- **Dataset records**:
━━━━━━━━━━━━━━━━
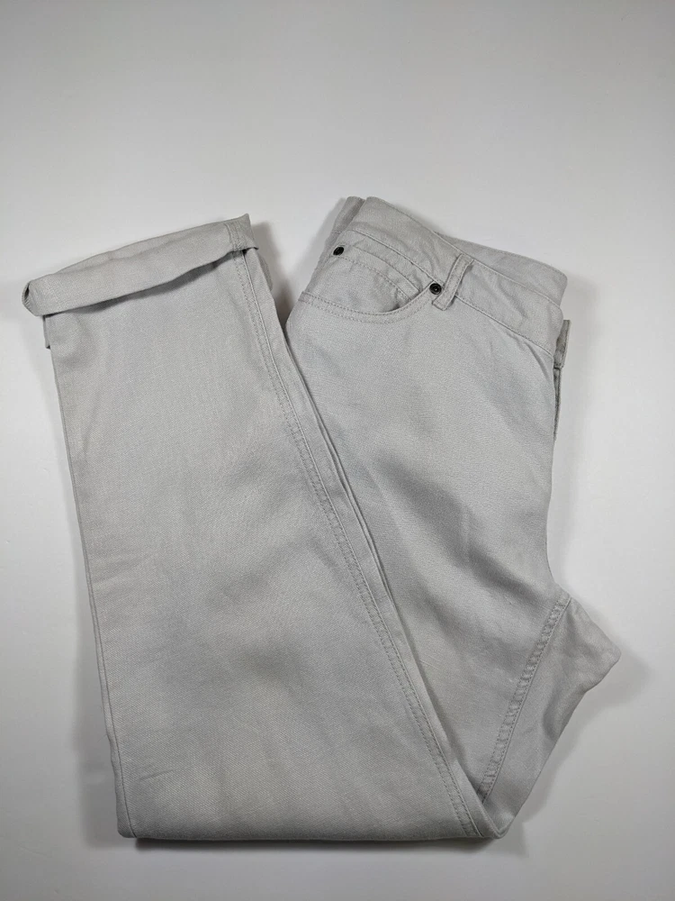 J Jill linen 5-pocket style pants in stone Flat front, button loops, 5-pocket style, slightly tapered leg Fabric Content - 100% linen Care Instructions - Machine wash, tumble dry See photos for condition Size 8 - See photos for measurements - Inseam 30", Waist 32", Rise G2
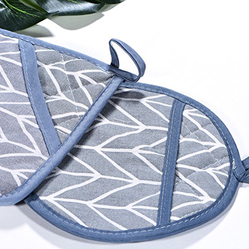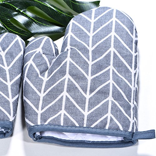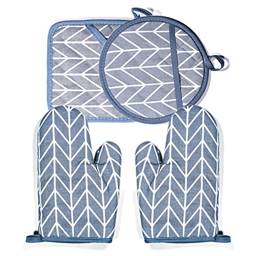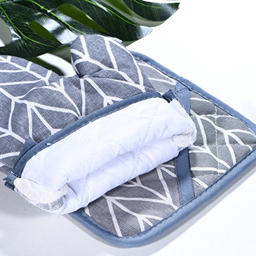 Oven Mitt & Pot Holder Set 100% Cotton,Oven Mitts Heat Resistant Cooking Gloves (Gray)
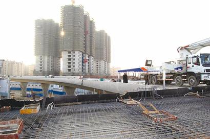 ????記者首先來到莘縣路靠近廣州路路段,這里是東西快速路三期工程的南端。一東一西兩臺超大型泵車伸出“大力神臂”,舉向20多米高橋面,向已綁扎好的鋼筋箱梁體內(nèi)灌注混凝土。橋面上,10多名工人操縱泵車有序地澆筑著。
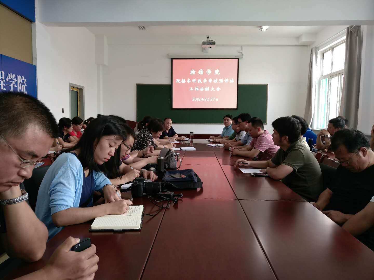在四号楼二层多功能会议室召开迎接本科教学审核预评估工作安排大会。院党委书记陈向波、院长张进军、院党委副书记王玮、副院长张东海、副院长侯俊华出席大会,全体教职工参加了会议。会议由院长张进军主持。
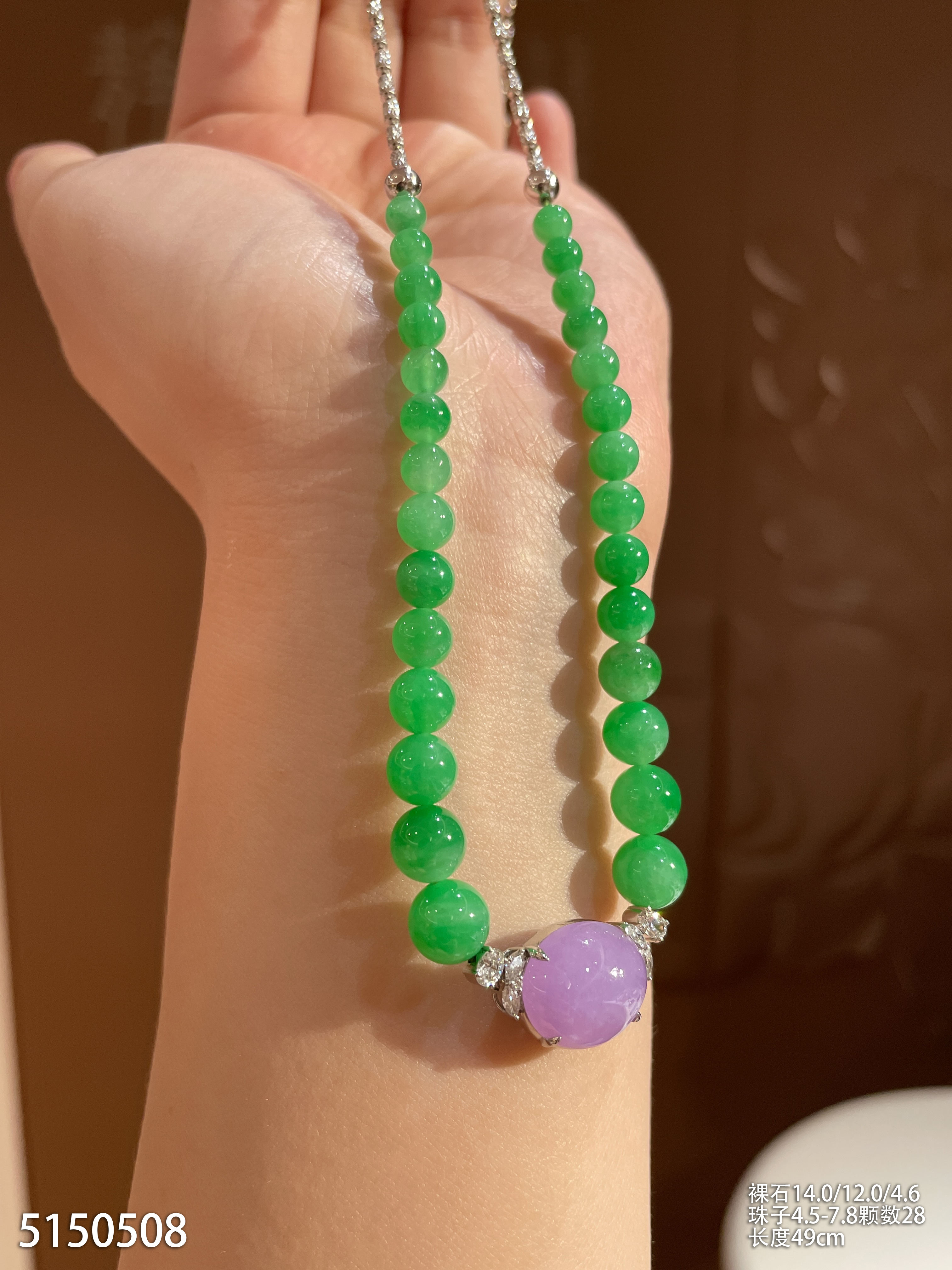 艳绿珠子套链【5150508】具体价格微信咨询
━━━━━━━━━━━━━━━━
Please transcribe exactly the lines from the one containing "在四号楼二层多功能会议室召开" through the last line of the records above, both included, and leave out every picture.

在四号楼二层多功能会议室召开迎接本科教学审核预评估工作安排大会。院党委书记陈向波、院长张进军、院党委副书记王玮、副院长张东海、副院长侯俊华出席大会,全体教职工参加了会议。会议由院长张进军主持。
 艳绿珠子套链【5150508】具体价格微信咨询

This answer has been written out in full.